Prostate cancer relapse or recurrence frequently results in incurable metastasis, ultimately causing patient death (Wu et al. 2014; Weiner et al. 2016). As CIC deletions were more frequent in metastatic tumors, we reasoned that deletion of one or both copies of CIC is a means by which primary tumors in patients that eventually develop metastatic lesions achieve increased fitness and survival. The association between CIC homozygous deletion events and DFS in primary tumors could not be reliably assessed due to the low number (n = 2) of patients with recorded relapses; however, patients with primary prostate tumors with one lost copy of CIC (heterozygous deletion events) had a significantly worse outcome (P = 0.018, log-rank test) (Figure 3E). Similarly, OS is significantly worse in advanced-stage gastric cancer patients with low CIC expression (Okimoto et al. 2017).
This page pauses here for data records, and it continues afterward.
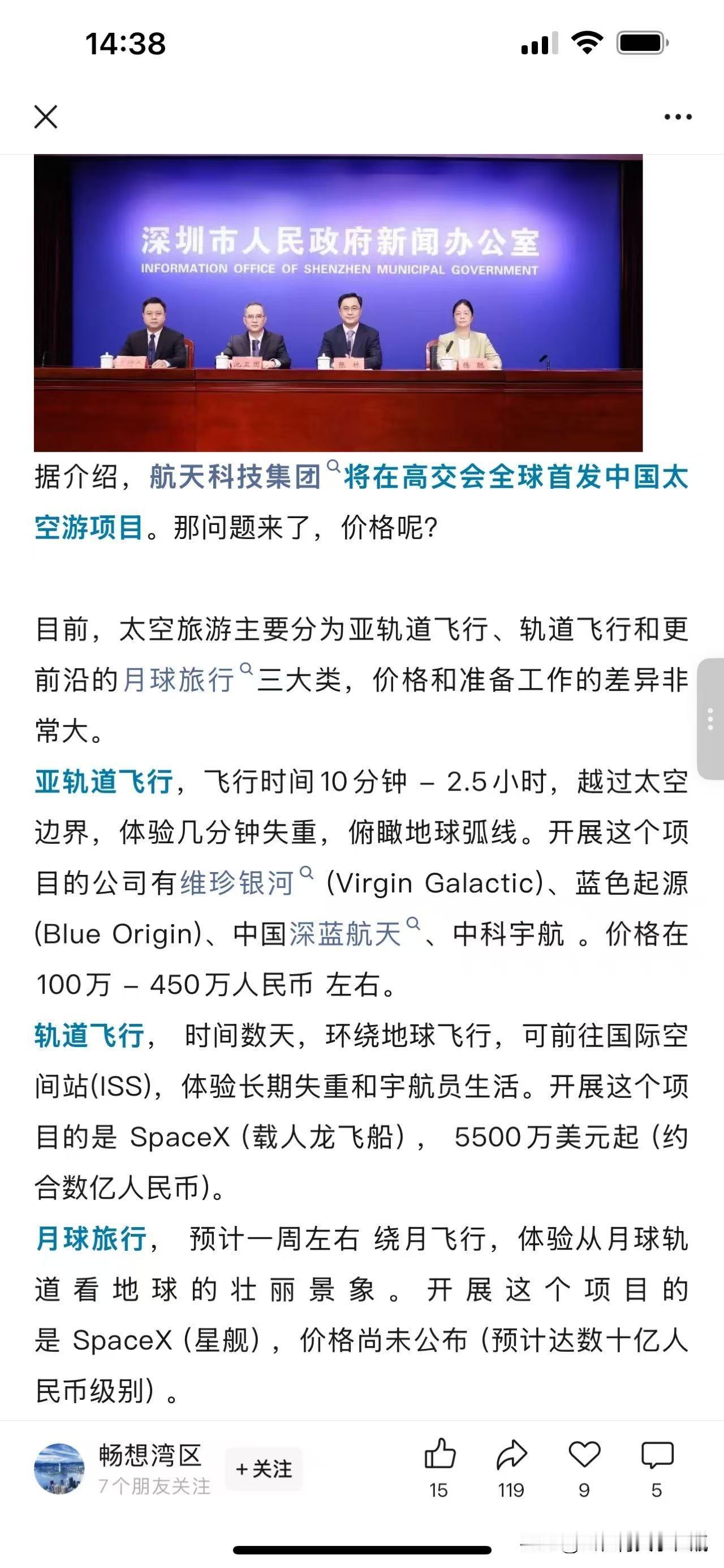 中国太空旅游项目和价格都出来了,亚轨道飞行,100-450万;轨道飞行,上亿人民币;月球旅行,数十亿人民币。 看完想想还是继续买保险股。
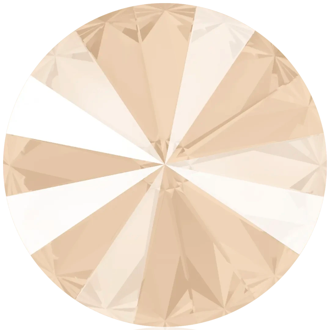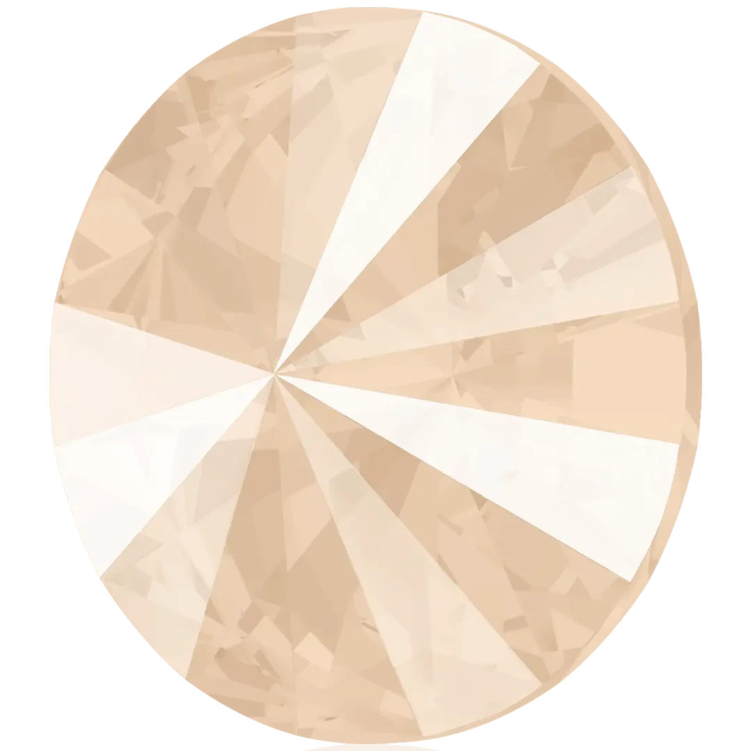 Swarovski chatons Rivoli (1122) in Crystal Ivory Cream Delite UNFOILED are multi faceted pointed back crystals that are used with metal settings to create bespoke jewellery and embellishment designs. Swarovski Rivoli shaped crystals are cut glass stones that have specifically cut facets which lead to a point. They are foiled on the underside of the crystal to reflect the light and enhance the colour of the stone.
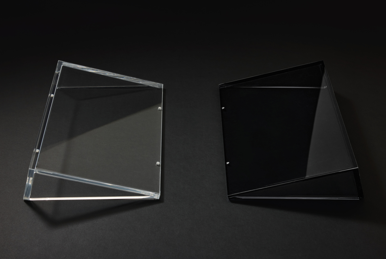 Designed in an exclusive collaboration with M/M Paris, the book includes a bespoke plexiglass box that can be configured as a bookstand. Built from two interlocking pyramids of clear and dark plexiglass, the sculptural box set evokes some of Jodorowsky’s recurring motifs, such as the Incal Light and the Incal Dark, symbolizing opposing forces. At the core of M/M’s graphic interpretation are two bespoke typefaces: the first a modular reinterpretation of medival church stone carved letters (a voice from the past), and the second inspired by Jodorowsky's science-fiction works (a molecular alphabet drawn from an imagined future).
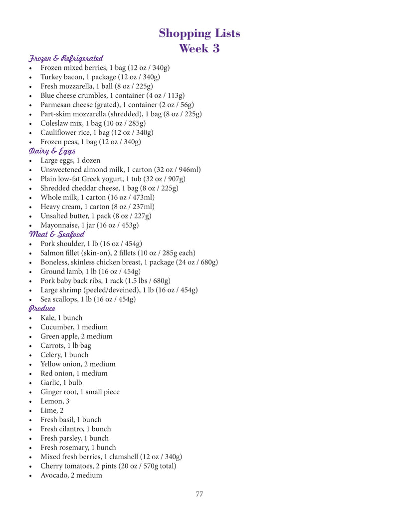 - 5-Week Meal Plan with weekly shopping lists to simplify meal prep
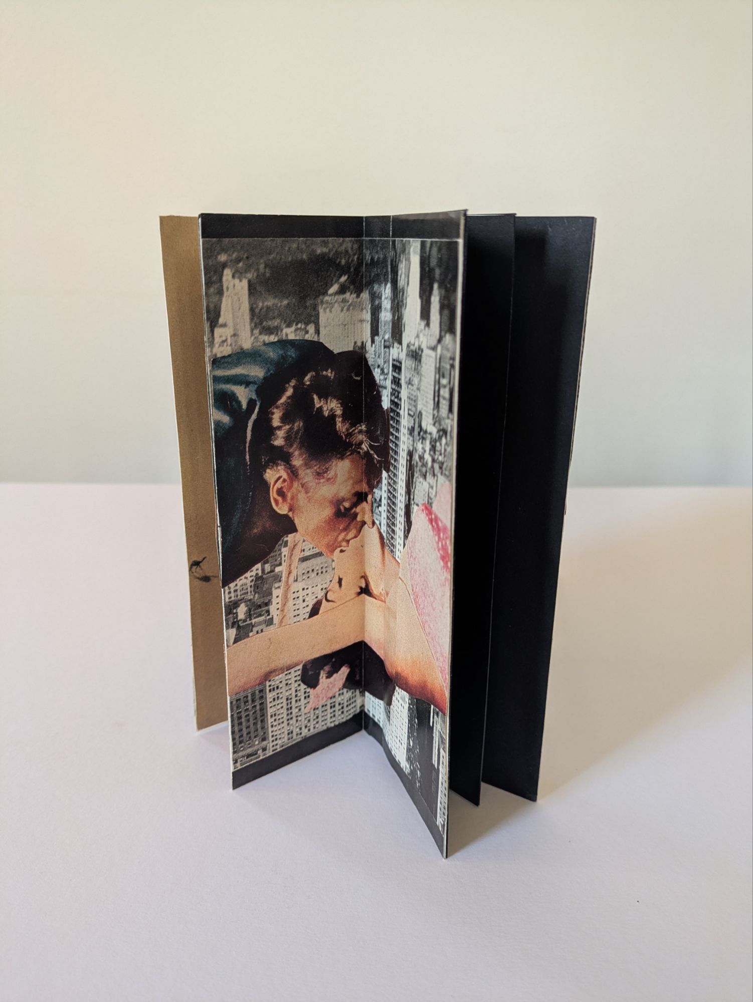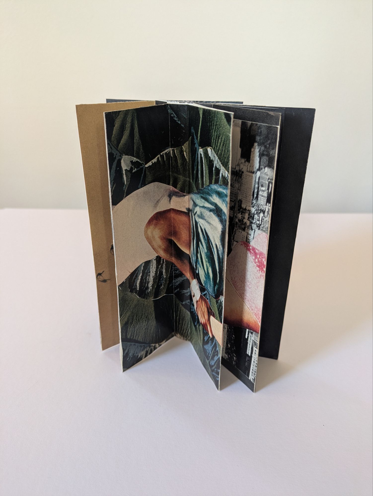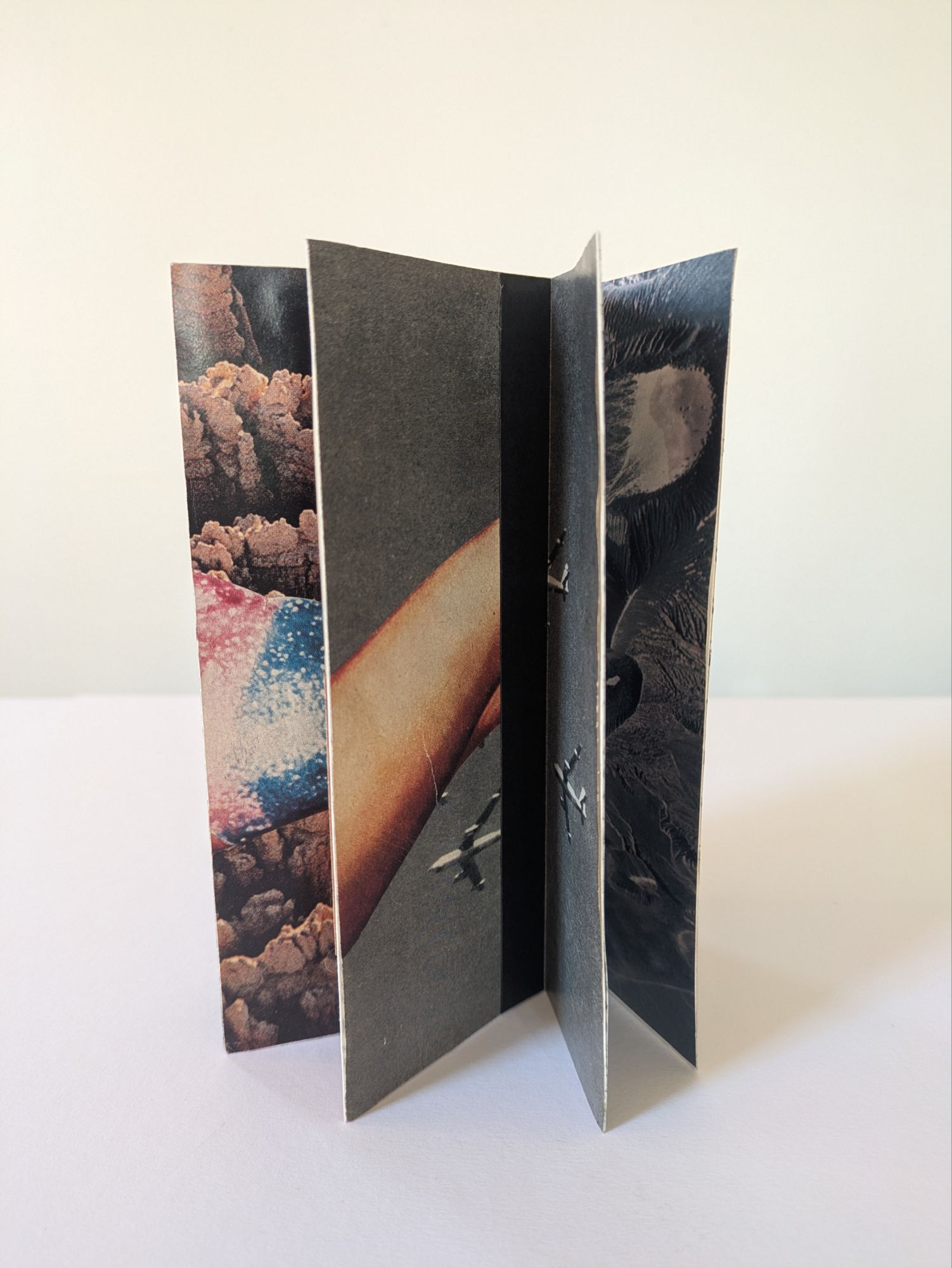 This one-sheet book structure is called the Fishbone Fold. It can be both displayed upright and laid flat to turn the pages like a traditional book. The cascading images give a tease of what’s to come.

A recent study comparing PC3 and LNCaP reported that the long form of the CIC protein (CIC-L) was not expressed and that the short form (CIC-S) was expressed at extremely low levels in PC3 cells (Choi et al. 2015). Our CNV analysis, employing WGS reads, interrogation of the de novo PC3 assembly using BLAST and GMAP, and analysis of RNA-seq reads mapped to the reference genome, failed to detect an intact CIC gene in PC3. We sequenced low-passage PC3 cells sourced directly from ATCC and speculate that the previous study (Choi et al. 2015) detected low-level gene expression by PC3 subpopulations with intact CIC resulting from genetic drift during prolonged subculture (passaging; see Festuccia et al. (1999); Li et al. (2008)).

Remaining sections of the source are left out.